Here are a couple of graphs that may make you double think the state of American labor (with some counterarguments as well).

A Look at the Labor Picture Right Now

Here’s a look at the American labor market as it stands today. Overall, the past year has been quite good to workers in the U.S.

Since seeing employment growth “bottom” in March 2014, month-over-month employment growth has been above 200K every month except two. The strong performance begs the question – is the labor market peaking?

Here are two arguments that suggest such a question is warranted.

1

Year-over-Year Employment Growth

The first graph looks at year-over-year growth in employment. The labels on the high growth points are the employment growth rates during the respective business cycle peak.

In 1973, employment growth peaked at 4.63%.  In 1978, 5.43%. In 1981, 1.96%.  In 1984, 5.44%.  In 1988, 3.28%. In 1995, 3.47%.  In 2000, 2.55%.  In 2006, 2.16%.

The 2.34% for 2015 is February 2015.  This is the strongest growth rate we’ve seen so far during the current expansion. Interestingly, since February 2015, employment growth has declined to 2.11%. It is this deceleration that suggests the labor market might be peaking (or perhaps already has peaked).

The deceleration from peak occurs in every business cycle.

2

The Part-Time/Full-Time Picture

The second area signaling perhaps that the labor market is peaking is the part-time/full-time employment view. The top graphic in the following figure is the month-over-month growth in employment (absolute net new jobs). The middle graphic is the month-over-month growth in full-time employment.  In June 2015, it came in at a healthy +370K. The bottom graphic is the month-over-month growth in part-time employment.  In 2015, it came in a -147K.

What does this picture have to do with the labor market?

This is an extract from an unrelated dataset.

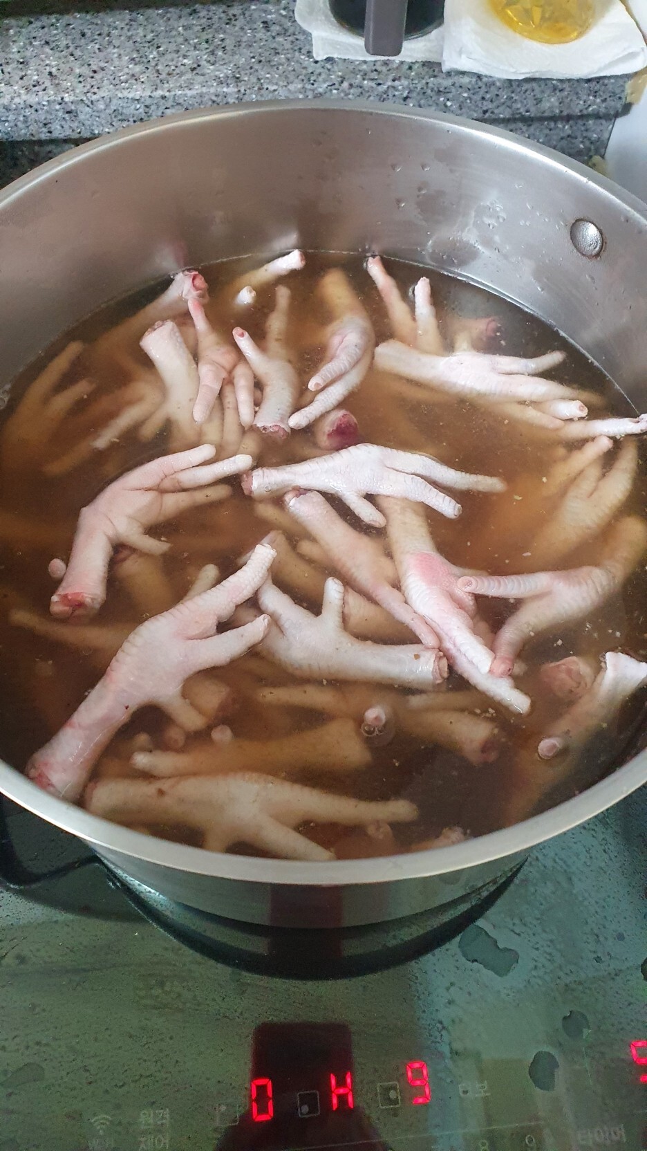 육수를 만들기 위해 닭발이 잠기도록 물을 부어주고 파와 마늘, 생강, 통후추를 넣어주고 30분 정도 삶아주었습니다. 삶고있는 닭발의 반은 양념 닭발을 만들고 나머지 반은 닭발 편육을 할 예정이기 때문에 양념용 닭발은 30분이 지나면 절반 정도를 덜어낼 계획입니다.

The answer is that when there’s a trend in shifting from part-time to full-time employment, it’s generally a signal that the labor market might be peaking. As corroborating evidence, take a look at the 2000 to 2003 experience and the 2006 to 2009 experience.

3

As indicated by the black boxes, prior to the prior two recessions, part-time employment dropped before the employment picture peaked, fairly similar to what we’re seeing today.

4

5

Counterargument: Why Might the Labor Market NOT Be Peaking?

There are, of course, lots of good reasons to argue that the American labor has a long way to go before peaking.

Factors that are nowhere near peaking include wage growth (Average Hourly Earnings are stuck around 2%, well below the overheating 3.5% experienced in 2006), lack of inflation, depressed labor force participation, and an unemployment rate still above peaking level.

Conclusion

Overall, job growth in the U.S. continues to be quite strong. The strength, of course, raises the question on how long it can continue to go on.

Some point to various indicators that suggest jobs could continue to grow another five or six years. These points are certainly valid, as are the counterpoints addressed here.